The logic is basically use ALLSELECTED on the entire table, then bring back the explicit filters on the column you want to keep. 
And we know that FILTERS ( YourTable[ColumnToKeep] ) will be more restrictive than the values of ColumnToKeep that exist in ALLSELECTED ( YourTable ), so we can safely intersect these two filter arguments.

Note that I used FILTERS rather than VALUES. FILTERS returns a column of values explicitly filtered on a column, whereas VALUES would return values that exist in the current context as a result of both explicit filters and cross-filtering.

Does this give you the behaviour you were looking for?


----------



## gazpage (Jul 28, 2017)

Yep, that does it. Thanks again. 

I thought I was starting to have seen, if not be able to use, all the main DAX functions, but FILTERS is new to me. I think I understand your formula to be doing the intersect of the ALLSELECTED and FILTERS, but they are calculated independently before being applied.
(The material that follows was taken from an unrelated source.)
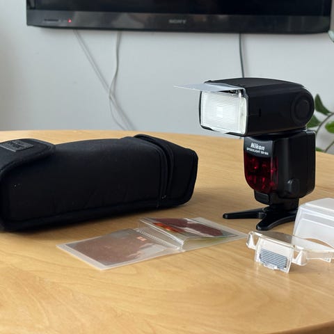 Erinomaisessa kunnossa oleva salama Nikonille. Taittuva pää, valonhajotin mukana.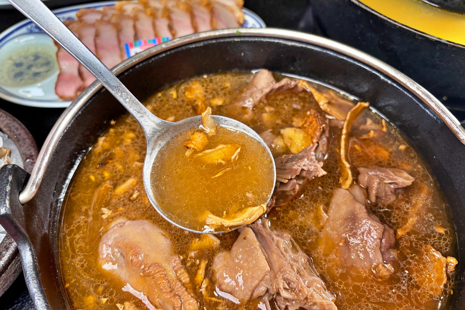 一撈起來就能看到超過半鍋都是帶皮的紅番鴨肉,肉量超級足,而且吃起來香嫩帶Q,特別有肉感,相當過癮!

I'm sure there are other things I will have struggled with before that FILTERS would have helped with.


----------



## caringsharingbristolbilly (Jan 16, 2019)

Ozeroth said:


> Hi again,
> 
> A combination of ALLSELECTED & FILTERS should give you the ALLSELECTEDEXCEPT behaviour:
> 
> ...



Just wanted to say thanks for the solution, and thanks to the OP for phrasing it in exactly the way I googled it!


----------